Um die Technologie für reale Anwendungen voranzutreiben, gründeten Forscher der Columbia University und der Stanford University gemeinsam das Spin-off-Unternehmen Kampto Neurotech. Unter der Leitung eines der Hauptingenieure des Projekts entwickelt es eine kommerzielle Version für die präklinische Forschung und sucht nach Ressourcen, um seine langfristige Anwendung beim Menschen zu fördern. Das Team ist davon überzeugt, dass BISC, basierend auf den Vorteilen der „Großserienfertigung“ ausgereifter Halbleiterprozesse, aktuelle ähnliche implantierbare Geräte in Bezug auf Skalierbarkeit und Leistungsindikatoren bei weitem übertrifft und eine nachhaltige Iterationsplattform für zukünftige Gehirn-KI-Fusionssysteme bietet.

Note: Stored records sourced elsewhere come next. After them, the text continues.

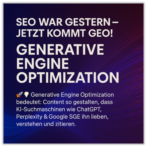 GenerativeEngineOptimization(GEO)isteinrelativneuerBegriff,derbeschreibt,wieInhalteso erstelltundoptimiertwerdenkönnen,dasssieingenerativenKI-Suchmaschinen(wieChatGPT, Perplexity, Google SGE oder Bing Chat) besser gefunden, verarbeitet und ausgespielt werden. ✨GenerativeEngineOptimizationbedeutet:Contentsogestalten,dassKI-SuchmaschinenwieChatGPT, Perplexity&GoogleSGEihnlieben,verstehenundzitieren.Werjetztoptimiert,sichertsichSichtbarkeit in der KI-Ära!FrüherhatmanInhaltefürklassischeSuchmaschinen(SEO–SearchEngineOptimization)optimiert, also für Google & Co. Mit GEO verschiebt sich der Fokus:Nicht mehr nur Keywords und Backlinks, sondern verständliche, strukturierte, KI-freundliche Inhalte.Texte, die von LLMs leicht verstanden, zusammengefasst und zitiert werden können.Inhalte, die als Quelle in AI-Antworten erscheinen.Kernideen von GEO:Klare Struktur & Sprache – kurze Absätze, klare Überschriften, präzise Formulierungen.E-A-TPrinzip(Expertise,Authoritativeness,Trustworthiness)→KIgreiftlieberaufvertrauenswürdige Quellen zurück.•Semantische Vielfalt – nicht nur Keywords, sondern thematisch relevante Begriffe & Synonyme.•Faktenbasierte Inhalte – da KI „halluzinieren“ kann, bevorzugt sie klar belegbare Fakten.•Content in Formaten, die KI liebt – FAQs, How-Tos, Definitionen, Schritt-für-Schritt-Anleitungen.Ziel:Wennjemandz.B.ChatGPTfragt„WasistGenerativeEngineOptimization?“,dannsolldeineWebsite oderdeinContentalsQuelleimHintergrundgenutztwerden–sodassdeinMarkennameoderdeine Expertise indirekt in der Antwort auftaucht.Kurz: GEOistdie„neueSEOfürdieKI-Ära“–alsoContent-OptimierungfürgenerativeSuchsystemestattnur für Google-Rankings.Generative Engine Optimization (GEO) Checkliste1. Struktur & Lesbarkeit•Klare Überschriften-Hierarchie (H1, H2, H3).•Kurze Absätze (max. 3–4 Sätze).•Listen, Bullet Points, Tabellen für schnelle Übersicht.•Wichtiges fett markieren → KI erkennt Relevanz besser.2. Inhaltliche Tiefe & E-A-T•Expertise zeigen: Fachwissen + nachvollziehbare Argumente.•Autorität stärken: Quellenangaben, interne & externe Verlinkungen.•Vertrauen schaffen: Transparenz (z. B. Autor, Veröffentlichungsdatum).•Aktualität: Inhalte regelmäßig updaten.3. Semantik & Keywords•Nutze Themencluster statt nur einzelner Keywords.•Synonyme, verwandte Begriffe & FAQs einbauen.•Fragen als Zwischenüberschrift nutzen (z. B. „Was ist GEO?“).4. Fakten & Quellen•Präzise, belegbare Informationen (Zahlen, Statistiken, Studien).•Verlinkung auf Originalquellen (z. B. wissenschaftliche Paper, offizielle Berichte).•KI bevorzugt zitierbare Fakten statt vager Aussagen.5. Formate, die KI liebt•Definitionen → kurze, klare Erklärungen.•How-To-Guides → Schritt-für-Schritt-Anleitungen.•FAQs → decken direkte User-Fragen ab.•Vergleiche (z. B. SEO vs. GEO).6. Technische Faktoren•Sauberer HTML-Code mit strukturierten Daten (Schema.org).•Mobile First & schnelle Ladezeiten.•Alt-Texte bei Bildern → KI nutzt sie als Kontext.7. Interaktivität & Engagement•CTAs für Kommentare oder Diskussion → Signale für Relevanz.•Content, der Antworten provoziert („Was denkt ihr dazu?“).8. Multilingualität (optional)•Inhalte in mehreren Sprachen veröffentlichen, wenn Zielgruppe international ist.•KI bevorzugt Quellen, die breiter nutzbar sind.✨Pro Tipp:Erstelle „KI-freundliche Content-Module“ wie:„In 3 Sätzen erklärt“„Das Wichtigste in Stichpunkten“„Beispiel aus der Praxis“Diese Passagen werden sehr oft direkt in Antworten von generativen Modellen übernommen.
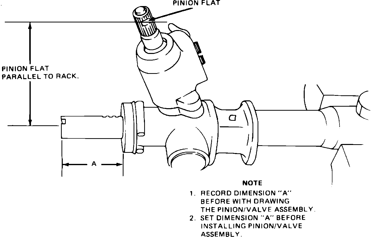 7. Rotate pinion gear until pinion flat is parallel or aligned to the rack assembly. Carefully measure dimension A, Fig. 5. Record reading. This relationship must be used for assembly.
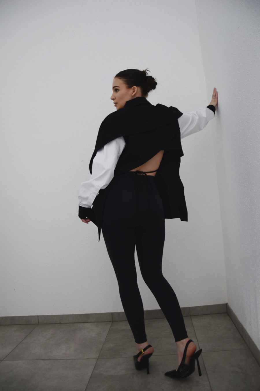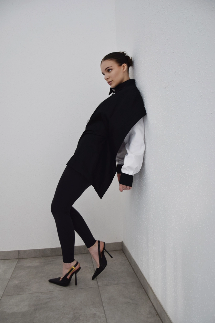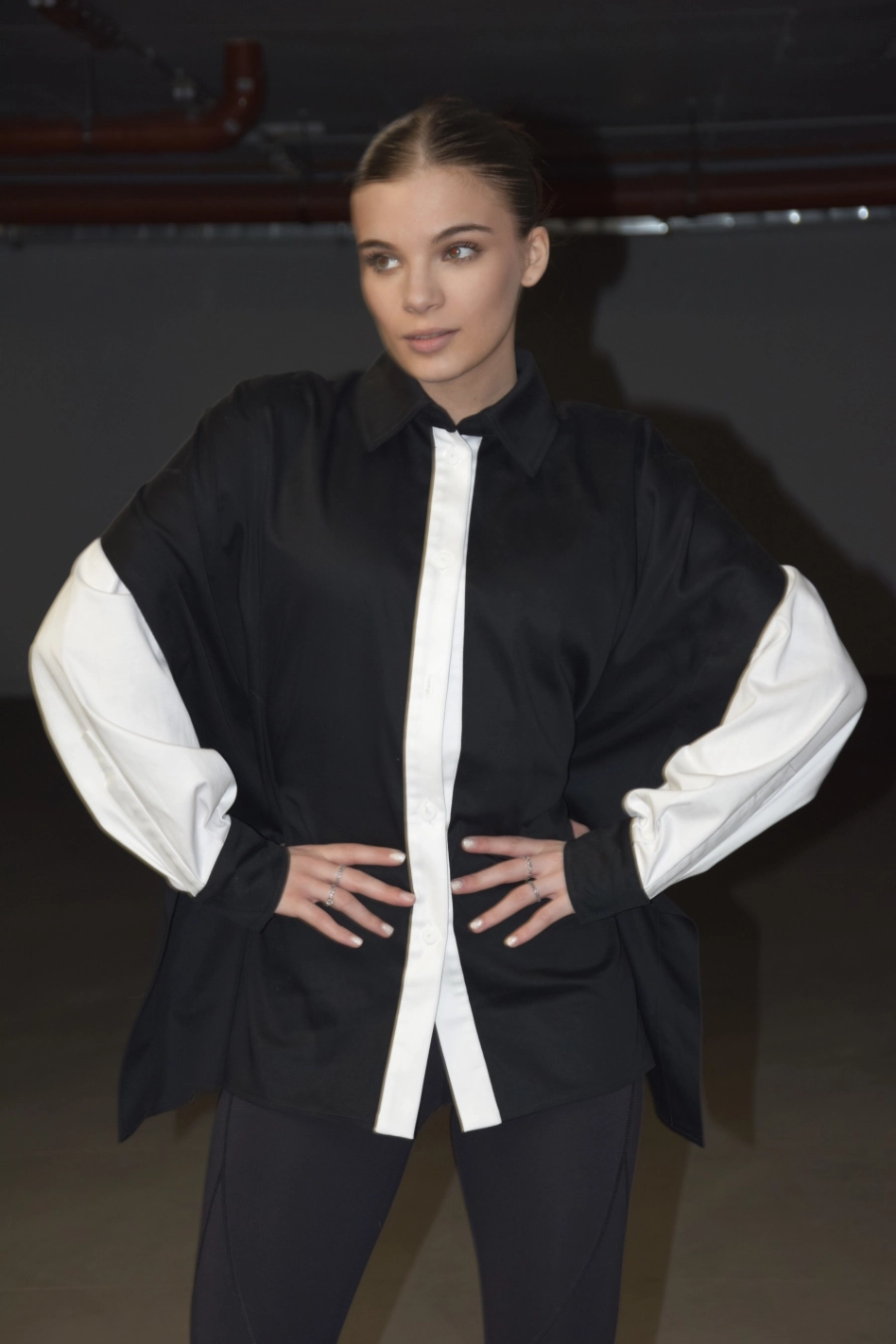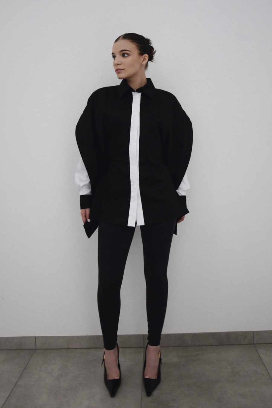 Nowoczesna koszula o wyrazistym, czarno-białym kontraście i oversize’owym kroju. Z przodu minimalistyczna i elegancka, z tyłu zaskakuje subtelnym odkryciem pleców oraz wiązaniem, które pozwala dopasować ją do sylwetki. Dzięki temu możesz nosić ją luźno – w bardziej swobodnej, modowej formie – albo delikatnie wytaliować, podkreślając figurę. To koszula, która łączy klasykę z nowoczesnym designem i daje wiele możliwości stylizacji.
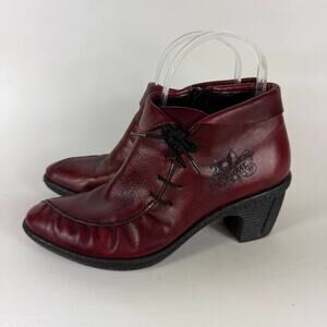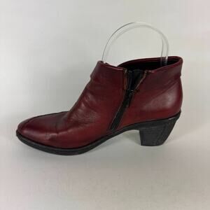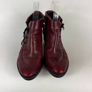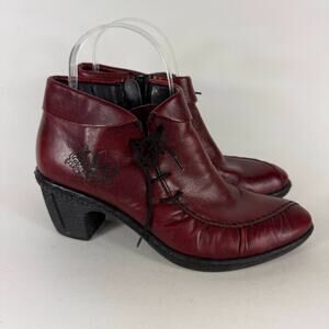 Rieker Rebecca Boots Women's 6.5 Burgundy Leather Pull On Block Heel Side Zip
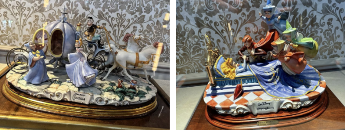At the Castle Club Lounge level of the rotunda, which you can access if you’re staying in select suites and rooms at the hotel, you’ll be able to admire these two Sleeping Beauty and Cinderella porcelain figures! They were originally located in their respective suites before the transformation, but now they’re available for all club members to see.
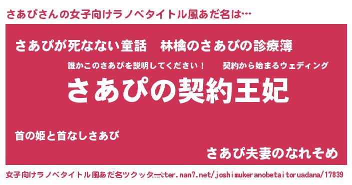 | 男性向けラノベタイトル風あだ名 | 『誰もが恐れるあのさあぴが、ぼくの専属メイドになるようです。』 |
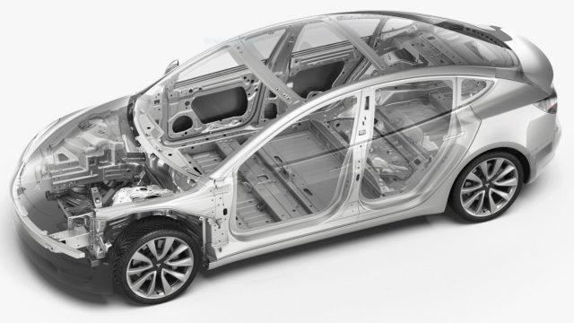 Tesla uses several grades of steel and aluminum for strength and passable weight.
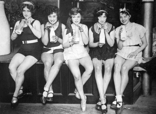 the dancers of the Alhambra Theatre drinking milk during a rehearsal In London, August 28, 1935

Angesichts der rasanten Entwicklung der Schnittstelle zwischen künstlicher Intelligenz und neuronaler Technik erwarten Forscher, dass diese Art von ultrahochauflösender, vollständig drahtloser, programmierbarer Gehirn-Computer-Schnittstelle nicht nur die Behandlung neurologischer Erkrankungen neu gestalten wird, sondern möglicherweise auch das grundlegende Modell der menschlichen Interaktion mit Maschinen und sogar der Koexistenz mit künstlicher Intelligenz verändern wird.